THe second problem is with the "can act as a deterrent" claim. Nuclear weapon CANNOT amount to a deterrent to invasions for countries such as Iran, because they cannot provide "mutually assured destruction" to the US since Iran does not have the technology or know-how to "win" or even significantly damage US in any nuclear exchange, without suffering catastrophic losses itself in retaliatory nuclear attacks. Here's the scenario: the US attacks Iran. Iran launches its only nuke that it somehow managed to make. The US turns Iran into a glass-encased glow-in-the-dark parking lot. What has Iran accomplished? Sure it wasn't "invaded" but so what? The last survivors would wish that they had been invaded!
Here's the scenario:
A US president says Iran must either fully accept some UN resolution or face severe consequences. Simultaneously hundreds of thousands of US troops are moved to Iraq or Armenia.

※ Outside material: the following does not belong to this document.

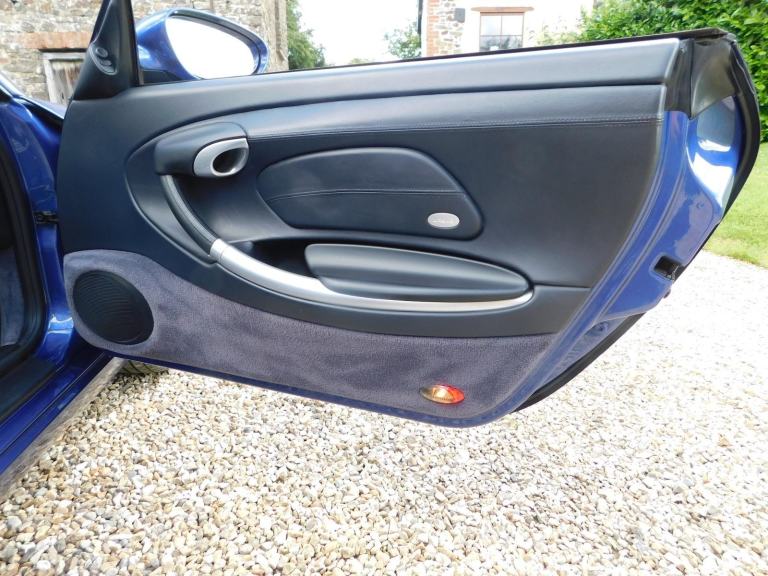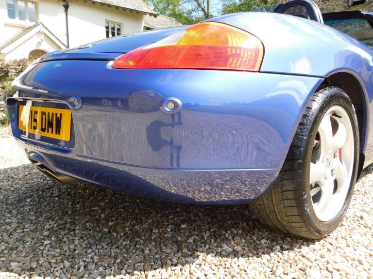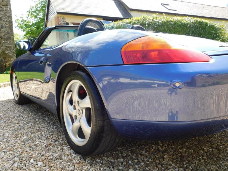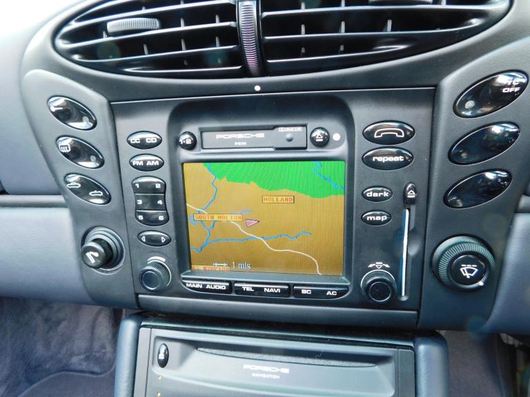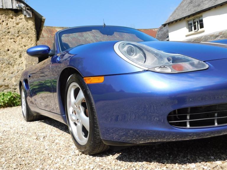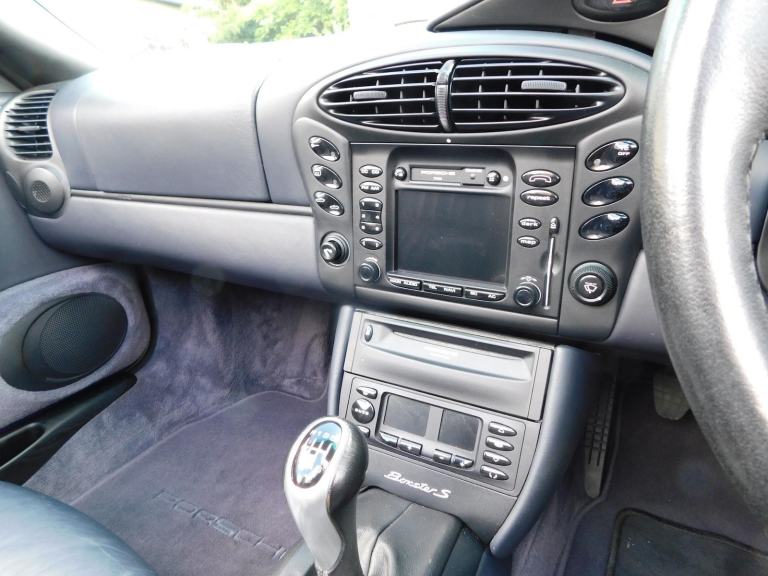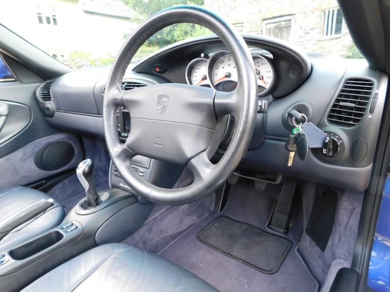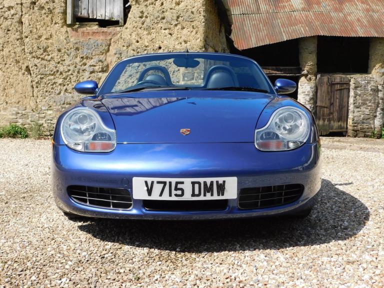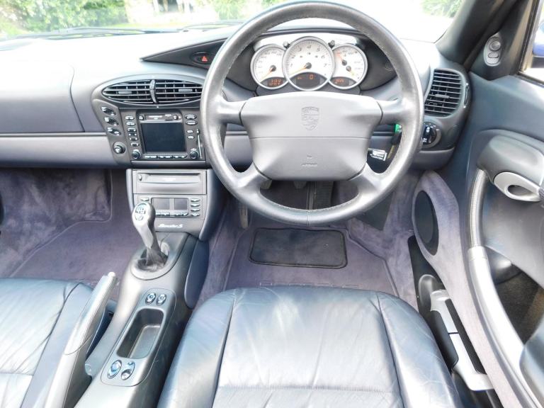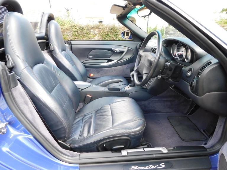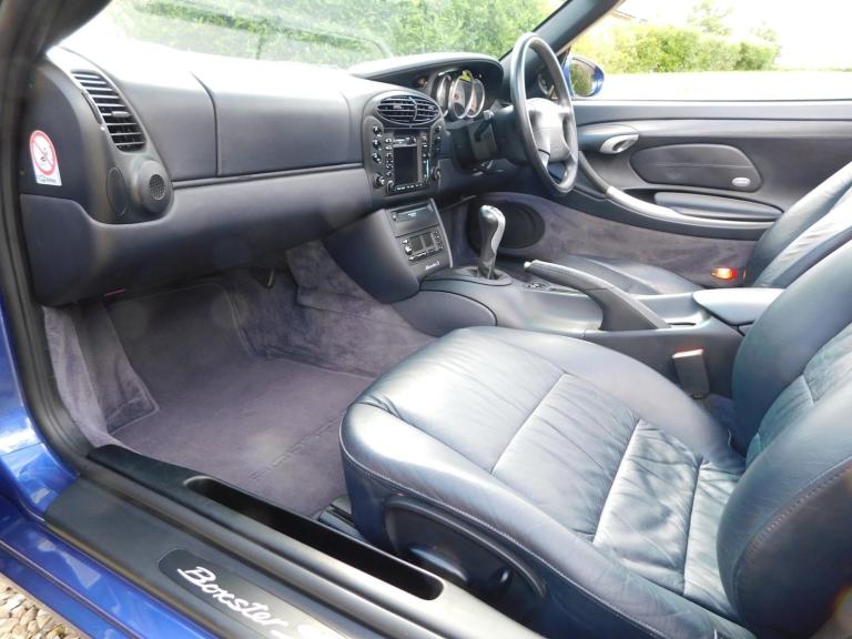 V715DMW. 2000 986 Boxster 3.2 S 6-speed manual. Zenith Blue, Metropole blue leather. 39,977 miles. This is a spectacular 986 Boxster 3.2 S that we are pleased to welcome back, having first acquired it in 2020 and subsequently sold it to it's last two owners (who have both sold it back to us when they have bought another Porsche from us). V715DMW is one of the earliest 3.2 S models, having been built in late 1999 and first registered on 6th January 2000 by Dick Lovett in Swindon. The car was specified with a number of high value options, including extended leather to the dash and door panels, the original Porsche PCM system with satellite navigation, pleated leather seats, cruise control, Litronic xenon headlights with headlamp washers, ParkAssistant, ASR and ABD traction control (the forerunner to PSM), and automatic air conditioning.

Iran's leadership says that a buildup of troops satisfies the NPT's requirement for a threat to Iranian interests sufficient to justify leaving the treaty.
In the time it will take to have the tanks, troops and support positioned, Iran may well have a nuclear weapon. If so, either the troops as they mass or if they invade may suffer thousands, maybe tens of thousands of losses in one event.
Yes, the US could retaliate. But can the US president sell to the US people tens of thousands of dead US soldiers for whatever the US is invading over? If an invasion is almost free, that's one thing. But if there will be a huge amount of US losses that changes the calculation of whether or not an invasion would be worth it.
Also, the US needs, in this scenario Iraqi or Armenian cooperation. The leaders of these countries, if Iran leaves the NPT, have a new calculation that an Iranian weapon could destroy bases used by US troops on their territory. If hosting US troops is free, that's one thing. But if their territory could be rendered useless that changes the calculation in another way. Now there's pressure on them to deny the US even the means to use their territory to attack.
Maybe the US would retaliate, but that doesn't help them just as it doesn't help the families of US troops who were being massed to invade Iran for some reason.
The ability to create a weapon does change the calculations.